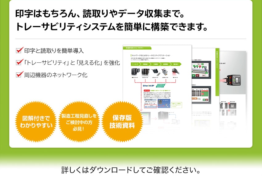 印字はもちろん、読取りやデータ収集まで。トレーサビリティシステムを簡単に構築できます。
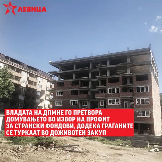 Државата има обврска да обезбеди услови во кои граѓаните ќе можат да стекнат сопствен дом, наместо да бидат претворени во извор на приход за странските инвестициски фондови. Политиките на македонските власти создаваат држава во која профитот на фондовите е поважен од иднината на сопствените граѓани, оценуваат од Левица.
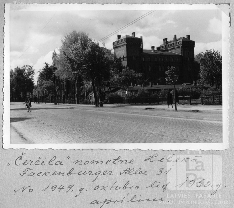 Ielas skats uz vairākstāvu mūra ēku Čērčila nometnē Lībekā (angļu zonā), no 1949. gada oktobra līdz 1950. gada aprīlim. Ēkai ir divi zemi torņi. Ēkas adrese: "Fackenburger Allee 31". Priekšplānā ir bruģēta iela, pa kuru pastaigājas pāris cilvēki. Ielas malā ir koku rinda.

::::::::

• What is expected: Repeat the data exactly, without the pictures.

• Solution to the problem:
 印字はもちろん、読取りやデータ収集まで。トレーサビリティシステムを簡単に構築できます。
 Државата има обврска да обезбеди услови во кои граѓаните ќе можат да стекнат сопствен дом, наместо да бидат претворени во извор на приход за странските инвестициски фондови. Политиките на македонските власти создаваат држава во која профитот на фондовите е поважен од иднината на сопствените граѓани, оценуваат од Левица.
 Ielas skats uz vairākstāvu mūra ēku Čērčila nometnē Lībekā (angļu zonā), no 1949. gada oktobra līdz 1950. gada aprīlim. Ēkai ir divi zemi torņi. Ēkas adrese: "Fackenburger Allee 31". Priekšplānā ir bruģēta iela, pa kuru pastaigājas pāris cilvēki. Ielas malā ir koku rinda.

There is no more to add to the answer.